Start with some weekly data for an ETF triplet analyzed in Ernie Chan's book:

`tickers = {"EWA", "EWC", "IGE"};
period = "Week";
nperiods = 52*15;
finaldate = DatePlus[Today, {-1, "BusinessDay"}];`

After downloading the weekly close prices for the three ETFs we divide the data into 14 years of in-sample data and 1 year out of sample:

  stockdata = 
          FinancialData[#, 
             "Close", {DatePlus[finaldate, {-nperiods, period}], finaldate, 
              period}, "DateList"] & /@ tickers;
    stockprices = stockdata[[All, All, 2]];
    isprices = Take[stockprices, All, 52*14];
    osprices = Drop[stockprices, 0, 52*14];

We then apply Amanda's JohansenTest function:

JT = JohansenTest[isprices, 2, 1]

We find evidence of up to three cointegrating vectors at the 95% confidence level:

Let's take a look at the vector coefficients (laid out in rows, in Amanda's function):

We now calculate the in-sample and out-of-sample portfolio values using the first cointegrating vector:

isportprice = (JT[[2, 1]]*100).isprices;
osportprice = (JT[[2, 1]]*100).osprices;

The portfolio does indeed appear to be stationary, in-sample, and this is confirmed by the unit root test, which rejects the null hypothesis of a unit root:

ListLinePlot[isportprice]

UnitRootTest[isportprice]

0.000232746

Unfortunately (and this is typically the case) the same is not true for the out of sample period:

ListLinePlot[osportprice]

UnitRootTest[osportprice]    

0.121912

We fail to reject the null hypothesis of unit root in the portfolio process, out of sample.

I'll press pause here before we go on to the next stage, which is Kalman Filtering.

Hi Amanda,

Your approach seems very promising.

On point 2: I made the assumption that you had to be getting (quasi) real-time data into MMA somehow and indeed this turns to be the case - a creative solution to the problem.

Of course, since you are only updating the model weekly you wouldn't need to use MMA at all during the week.
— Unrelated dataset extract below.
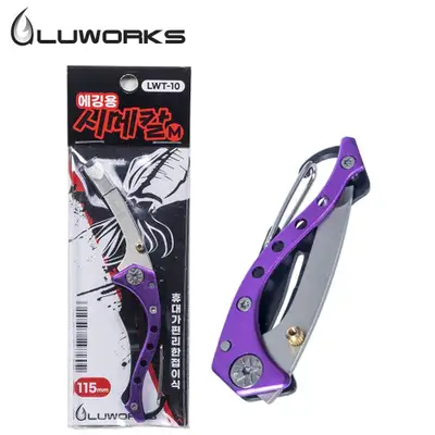 L 사이즈 에깅용 접이식 시메칼. 보다 큰 사이즈로 사용이 편리하며, 날카로운 칼날과 바늘 각도 교정기, 가프 기능 탑재. 휴대용 카라비너 후크 포함.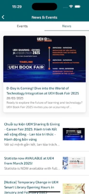 Tính năng nổi bật - Tìm và đăng ký tham gia các sự kiện. - Cập nhật tin tức và các tài liệu mới (bản in, bản điện tử, bài đăng tạp chí JABES-UEH). - Chỉ dẫn và cung cấp thông tin các khu vực chức năng trong thư viện (độ ồn, chất lượng không khí, độ ẩm và nhiệt độ). - Giờ mở cửa Thư viện; Đặt phòng học nhóm trực tuyến. - Tìm kiếm, gia hạn và đặt mượn tài liệu. - Quản lý tài khoản thư viện: tài liệu đang mượn, tài liệu quá hạn và thông tin cá nhân.

Some trading platforms will allow you to place bids and offers for a synthetic contract according to a simple formula, where the betas are fixed (for the week). In other cases a simple api interface is provided to something like Excel. That would enable you to recalculate the entry/exit prices automatically tick-by-tick, if you wanted to, and would also eliminate the need for manual trading as the orders could be fired into the trading platform via the api.
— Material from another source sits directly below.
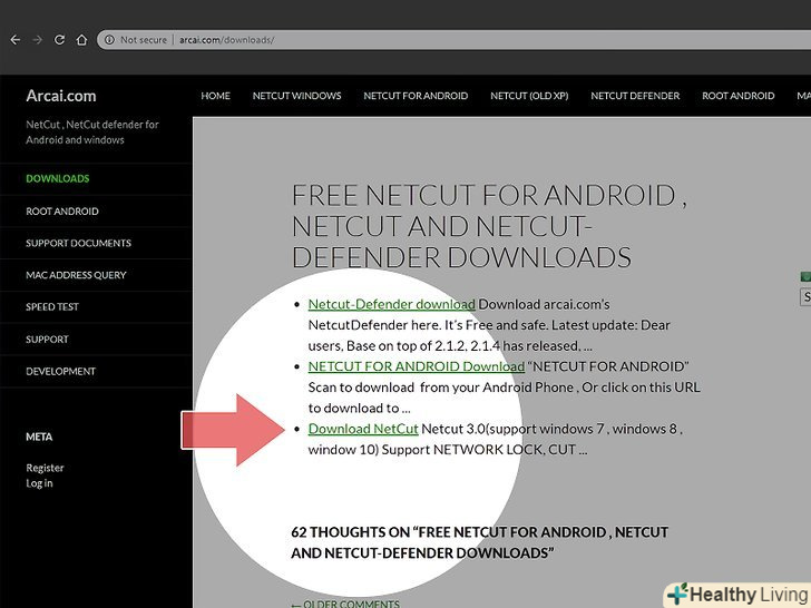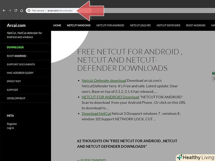 Відкрийте сайт програми NetCut. перейдіть на сторінку http://www.arcai.com/downloads / в браузері.

There are the usual practical considerations that apply to any stat arb strategy. For instance, do you try to enter passively, posting orders on the bid and ask prices of the portfolio (treating it as a single synthetic security)? Another approach is to post resting orders for the individual ETF components at appropriate price levels then cross the spread on the other ETFs if you get filled on one of them. These execution strategies tend to apply more in the case of pairs trading. For more complex strategies involving multiple securities like yours they can be very tricky to implement and traders typically cross the spread on entry and exit, which is what is you are doing, I would guess.

Another question is how to treat open positions held over a w/e when models get updated. The original exit points will likely change. So you have some options there too: exit all positions by the end of the week; maintain the original exit prices (profit target and stop loss); or recalculate exit prices for existing positions once the models get updated.

Finally, one other important issue is whether to use prices or (log) returns in your cointegration model. I suspect you are using the former, as I did in my toy illustration. But the resulting portfolios are rarely dollar neutral and hence consume margin capital. On the other hand, if you use returns and create a dollar-neutral portfolio, rebalancing becomes more of an issue. In that case I suspect you would want to rebalance the portfolio at least once a day, or according to some more sophisticated rebalancing algorithm.

Nice work, Amanda.

Hopefully Wolfram will include more of these standard statistical tests in futures releases, to bring MMA to parity with comparable math/stats software packages.

I have written a few posts about using the Kalman filter approach in pairs trading (stat arb), for instance here and here.

I would certainly be interested to get your own take on the subject and any trading results you might care to share.